─── Available data ───

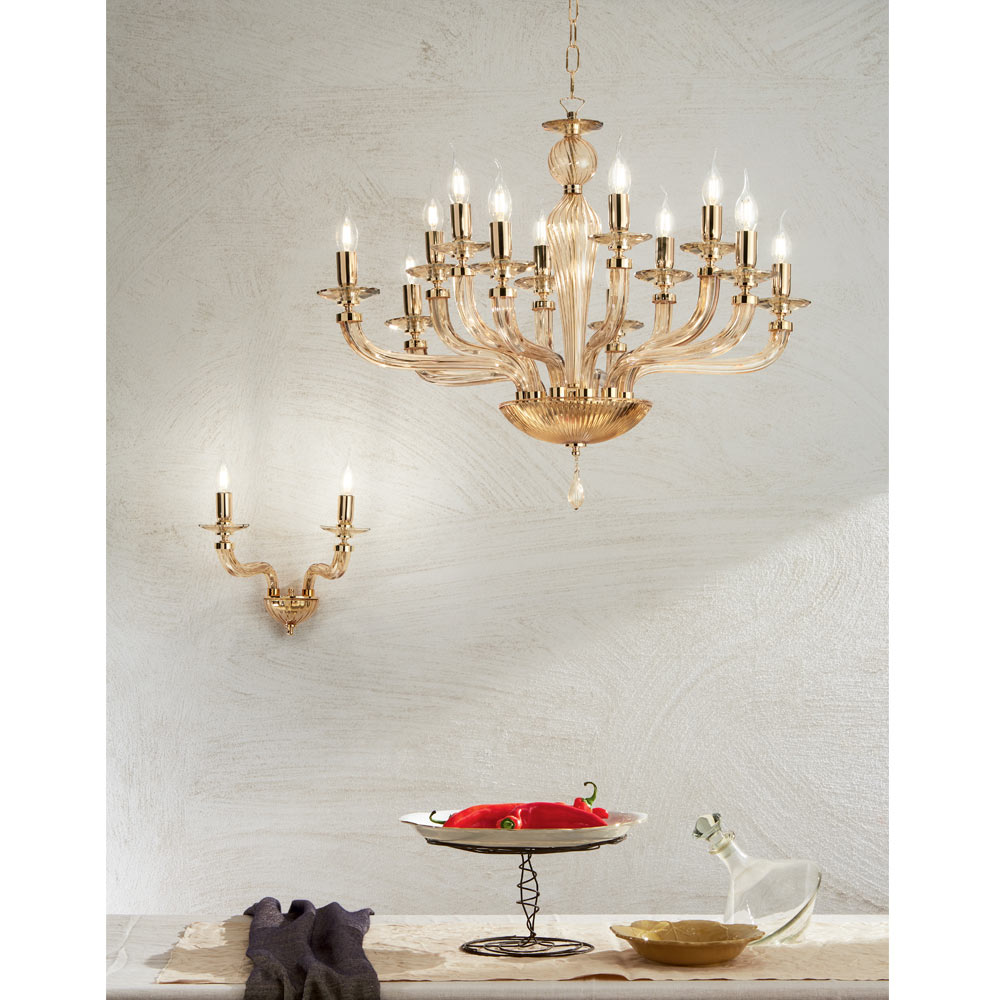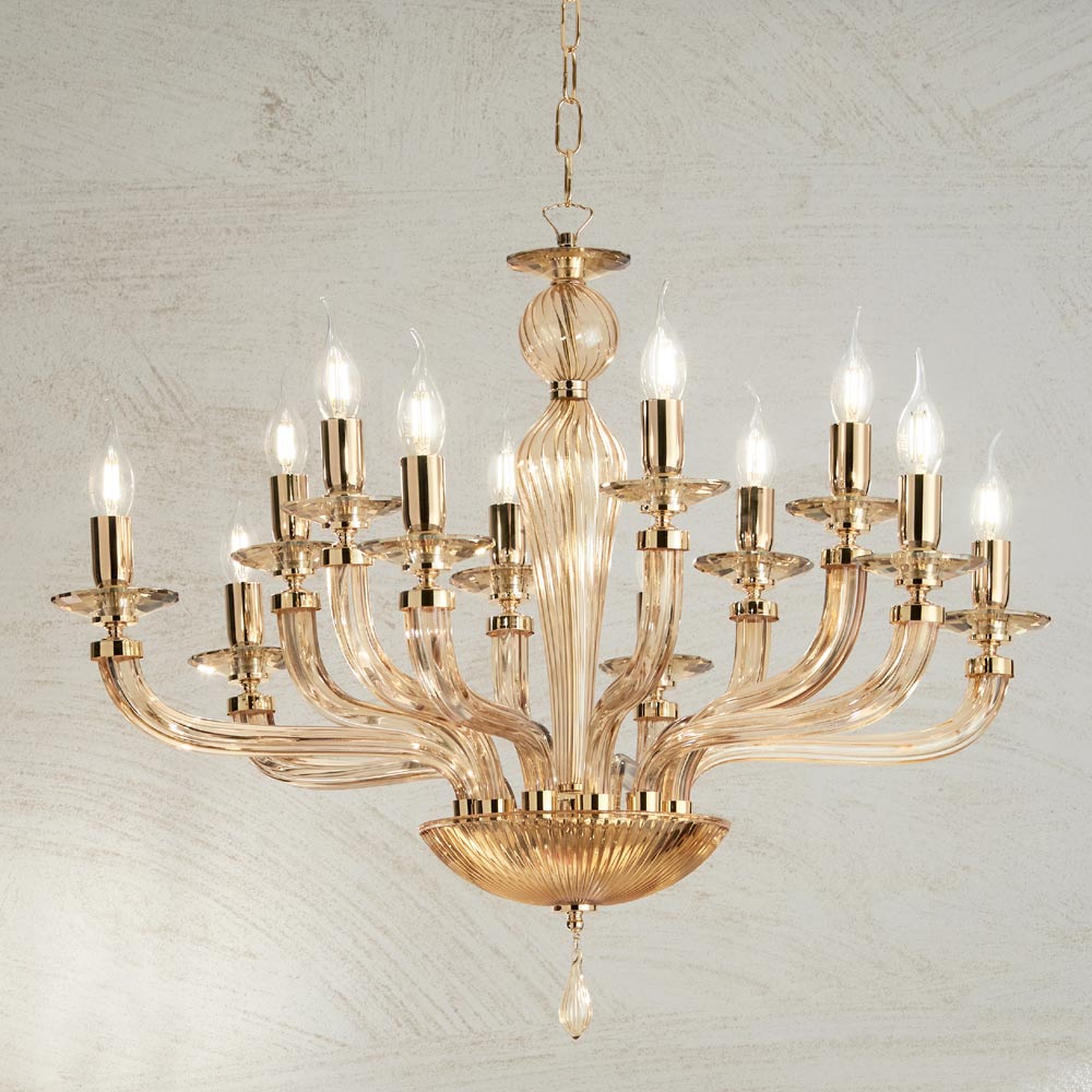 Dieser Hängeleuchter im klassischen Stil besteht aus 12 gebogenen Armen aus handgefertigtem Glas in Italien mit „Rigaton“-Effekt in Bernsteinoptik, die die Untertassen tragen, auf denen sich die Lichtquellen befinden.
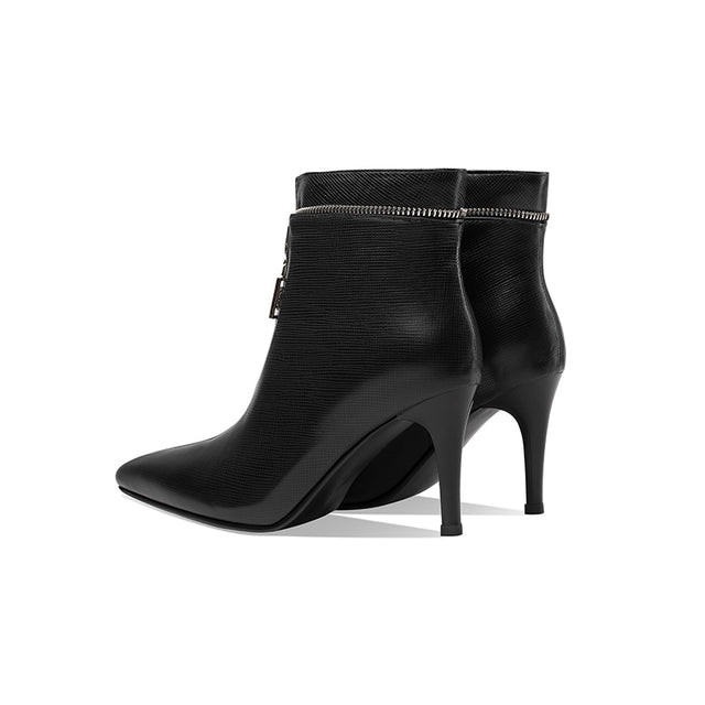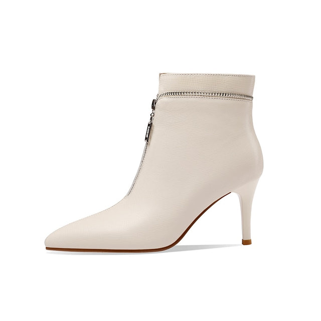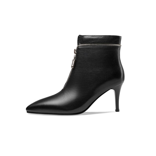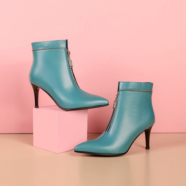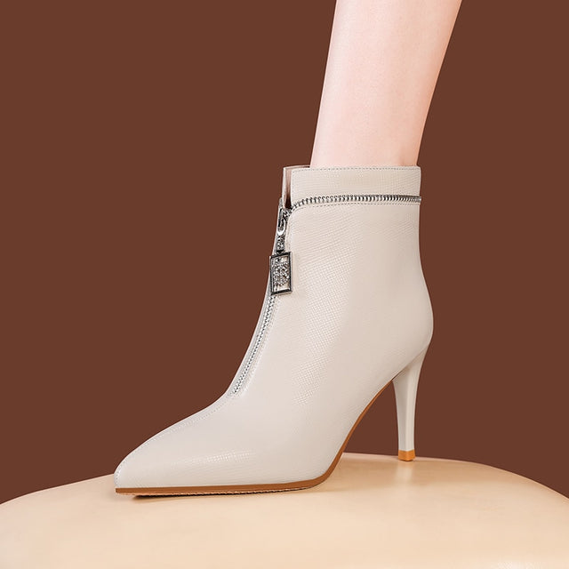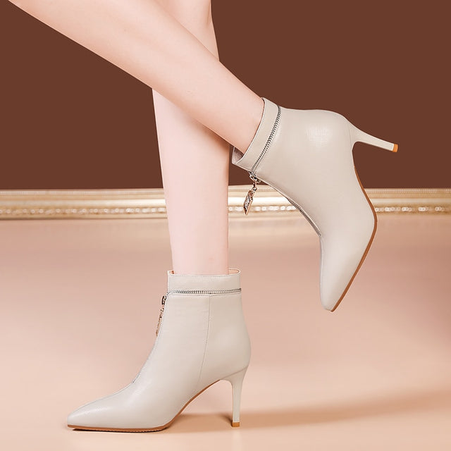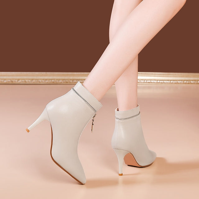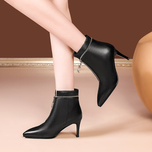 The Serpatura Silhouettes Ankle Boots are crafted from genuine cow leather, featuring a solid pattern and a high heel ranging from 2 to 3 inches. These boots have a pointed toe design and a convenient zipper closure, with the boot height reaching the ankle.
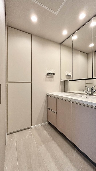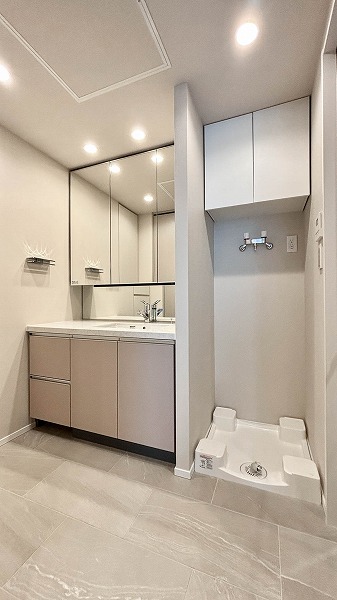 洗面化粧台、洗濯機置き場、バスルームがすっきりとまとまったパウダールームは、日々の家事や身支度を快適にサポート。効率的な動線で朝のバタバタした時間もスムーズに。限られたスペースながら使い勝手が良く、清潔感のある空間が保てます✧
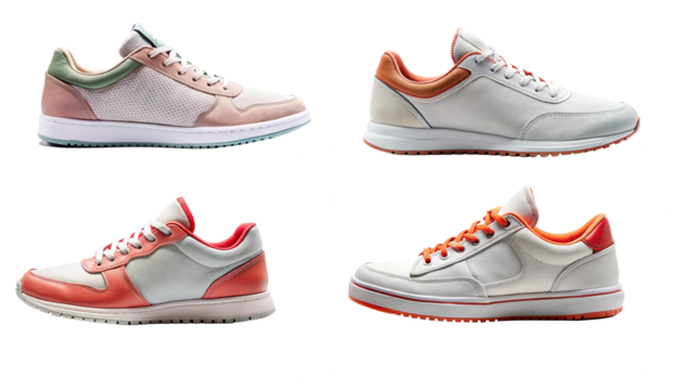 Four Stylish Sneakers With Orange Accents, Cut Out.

───

When you repeat the data, keep it exact and drop every picture.

 Dieser Hängeleuchter im klassischen Stil besteht aus 12 gebogenen Armen aus handgefertigtem Glas in Italien mit „Rigaton“-Effekt in Bernsteinoptik, die die Untertassen tragen, auf denen sich die Lichtquellen befinden.
 The Serpatura Silhouettes Ankle Boots are crafted from genuine cow leather, featuring a solid pattern and a high heel ranging from 2 to 3 inches. These boots have a pointed toe design and a convenient zipper closure, with the boot height reaching the ankle.
 洗面化粧台、洗濯機置き場、バスルームがすっきりとまとまったパウダールームは、日々の家事や身支度を快適にサポート。効率的な動線で朝のバタバタした時間もスムーズに。限られたスペースながら使い勝手が良く、清潔感のある空間が保てます✧
 Four Stylish Sneakers With Orange Accents, Cut Out.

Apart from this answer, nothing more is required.